E acrescentou dogmático:
- Ora, ora... Já imaginaram? O crente está bonzinho hoje, pronto, está salvo. Se comete um deslize amanhã, perde a salvação, corrige-se, volta a ser salvo. Peca outra vez, arrisca-se a perder novamente a salvação. Isto é um permanente estado de aflição, o crente vai passar a vida toda preocupado, fazendo força para morrer num dia em que esteja salvo, pois do contrário será jogado nas trevas da perdição.





                               Etelvina ouvia tudo, mas as palavras enfáticas do Pastor soavam fundo lá dentro dos seus ouvidos:
- Ouçam bem, irmãos, o que diz a palavra de Deus: "Então, estando dois no campo, será levado um, e deixado o outro; estando duas moendo no moinho, será levada uma, e deixada outra". - Mateus 24:41, 42.
                           A repetição do texto do Evangelho de Mateus várias vezes durante o sermão deixou Etelvina aflita e perturbada, emocionada e nervosa, só pensando que se alguém teria de "ser deixada" ela seria a primeira.
                          O pior, porém, foi que naquela noite, o marido, por necessidade, viajara a serviço, e Etelvina decidira trazer Juninho, o filho de três anos, para dormir com ela na cama de casal.
                          Noite insone e intranquila - comenta, Etelvina. Adormecida a muito custo, mas, impressionada com a iminência de um arrebatamento repentino, acordava assustada, passava a mão, de lado para ver se o filhinho estava lá, acalmava-se, tentava dormir outra vez, certa de que, até aquele instante, o arrebatamento não acontecera.



                         Já amanhecendo o dia, exausta de tão inoportuna vigília, Etelvina adormeceu. Quando acordou, dia já claro, olhou para a cama e não viu o menino. Então gritou apavorada:
- Juninho! Juninho!...
Nada de resposta.
Etelvina monologou, em voz alta, chorando aos prantos:
- Eu não disse? Meu filho foi arrebatado e eu não fui... ai!
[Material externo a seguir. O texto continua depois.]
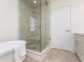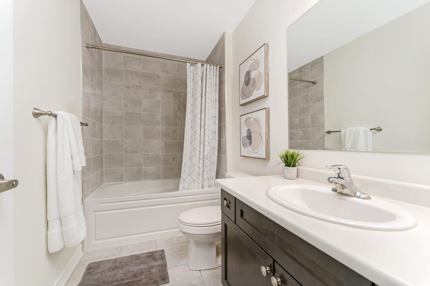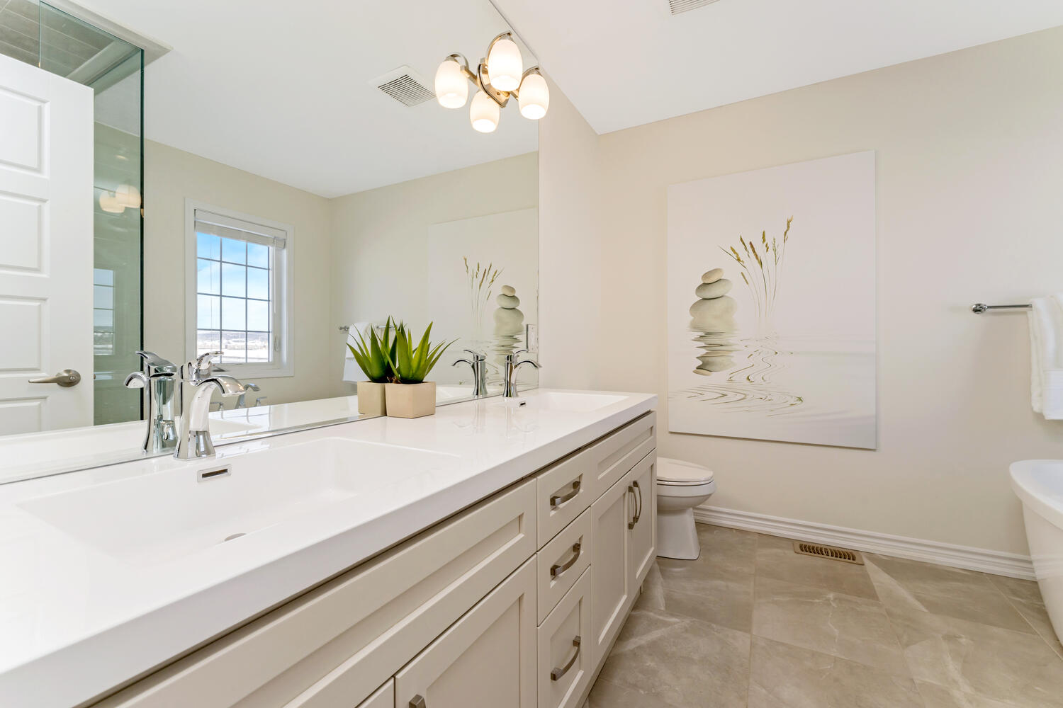 The primary ensuite is the highlight of this level, with a standalone tub, glass shower, double sinks, and a full height mirror.

Ui!...
E repetia, à sua maneira, o que entendera dos estudos do pastor.
- E, havia dois, eu e o Juninho, meu filho foi levado e eu fui deixada, o que é agora que eu posso fazer?
                            Vestiu-se apressada, de qualquer jeito, e saiu desesperada, porta afora, buscando uma resposta para a sua aflição.
                            Na primeira esquina, cruzou com o Diácono Frazão que, apressado ia buscar pão na padaria. Ao longe, viu se aproximando o zelador da Igreja. Encontrou vários crentes, no seu caminho sem destino. Resolveu voltar para casa. Quando abriu a porta, ouviu o som de um gemido inocente, que procedia do seu quarto, e desconfiou:
- É, parece que eu me enganei, o arrebatamento ainda não aconteceu não...



                        Vasculhou o quarto. Olhou para debaixo da cama, e, surpresa, viu o Juninho roncando, dormindo a sono alto, como se dormisse num colchão de penas de passarinho. Ele, agitado e inquieto, tombara para o colchão num vazio existente entre a cama e a parede; do chão, rolara para debaixo da cama onde, a seu modo, dormira confortavelmente.
                         Puxando o menino e apertando-o contra o peito, Etelvina exclamou, dando um grito de satisfação:
- Graças a Deus, o arrebatamento não aconteceu!
                         Deitou-se novamente na cama, com o Juninho nos braços, e, agarrada ao filhinho, dormiu tranquila e sossegadamente. Até o meio-dia.